Mechanical Focal Vibration Therapy for Muscle Injury Recovery in a Runner

Abstract

Vibrotherapy has been gaining popularity as a conceivable rehabilitative physical agent modality to decrease the pain and time for proper return-to-sport. This study aimed to assess the administration of mechanical Focal Vibration (mFV) in an adult male amateur runner with a grade II lesion of the rectus femoris muscle. He had to stop training 2 years ago and recently started running at least 3 days a week (5 km for 30 min/session). Five sessions of mechanical vibration were performed (20 min application, with an approximately 30 s pause between sequential sessions) per week for 2 weeks. Four weeks after the therapy, the lesion was healed, with an early good recovery in balance (Centre of pressure (CoP) speed (mm/s) decreased from 70.2 ± 13 to 46.7 ± 8, CoP area (mm²) decreased from 258 ± 31 to 203 ± 25) and pain relief (NRS reduced from 8/10 to 2/10), allowing the patient a short-term return to sport. These case report results might suggest that the use of mFV is a safe and reliable approach for muscle injury recovery, combinable within a multidisciplinary rehabilitation model.

1. Introduction

Vibration therapy (VT) is a low-magnitude high-intensity physical agent modality representing a proper way to safely deliver relevant mechanical stimuli as an option to improve musculoskeletal strength and physical performance in the rehabilitation field [1,2,3,4]. Two wide categories of vibrating devices are available: the whole-body vibration (WBV) approach and vibration devices locally applied, i.e., the mechanical Focal Vibration (mFV). Both modality applications exploit a mechanical stimulation defined by a frequency (in Hz) and by the amplitude of the oscillation generated by a peak-to-peak micrometer shift, but the modality applications differ in area and application [5,6,7,8,9].

WBV appears to increase muscle spindle activity, thus lowering the muscle activation threshold and providing greater background tension and less disruption of excitation–contraction coupling [10].

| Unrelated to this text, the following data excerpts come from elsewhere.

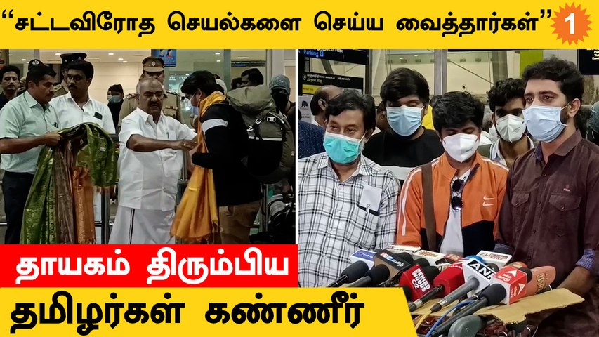 அதன்பின், டெல்லியில் இருந்து விமானம் மூலம் இன்று அதிகாலை 2.20 மணியளவில் சென்னை வந்தடைந்தனர். அவர்களை வெளிநாடு வாழ் தமிழர் நலத்துறை அமைச்சர் செஞ்சி மஸ்தான் வரவேற்றார். தங்களை பல மணிநேரம் வேலை பார்க்க வைத்து தண்டனை கொடுத்து கொடுமை படுத்தியதாக நாடு திரும்பியவர்கள் கண்ணீர் மல்க பேட்டியளித்தனர்.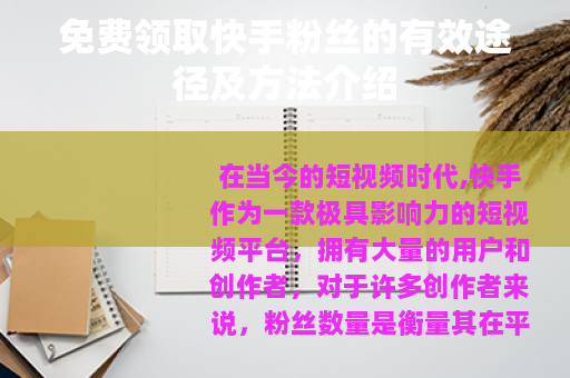 在当今的短视频时代,快手作为一款极具影响力的短视频平台,拥有大量的用户和创作者,对于许多创作者来说,粉丝数量是衡量其在平台上影响力和成功与否的重要指标之一,很多人都在寻找能够免费领取快手粉丝的方法,以下就为大家介绍一些可行的途径和策略。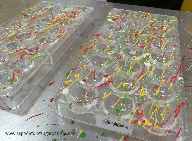 We used coloured milk chocolate to decorate our round moulds.

The mFV is able to activate single muscle fibers, selectively stimulating the Ia and IIb fibers as well as the Golgi tendon organs with respect to a selected application frequency, thus ensuring an improvement in proprioceptive response as well as in muscle trophism [11]. Regarding the sensitivity of proprioceptors to low-amplitude vibrations applied to muscle tendons, Ia fibers were found to be the most sensitive, responding in a one-to-one fashion up to 180 Hz, thus firing harmonically with vibrations up to 80 Hz and then subharmonically at higher frequencies [12]. In this scenario, with tonic contraction of the receptor muscle, the sensitivity of the Golgi tendon organs increased in response to the vibratory stimulus [12]. Aboutorabi et al. [13] demonstrated the positive effect of mFV on balance and gait in the elderly; the administration of vibrating insoles in conjunction with limited ankle and foot mFV application provided reliability. Among other things, the mFV approach might deliver mechanical stimulation to the bone and muscle–tendon structures, thus reproducing motion and exercise as well as influencing muscle functioning and recovery [14].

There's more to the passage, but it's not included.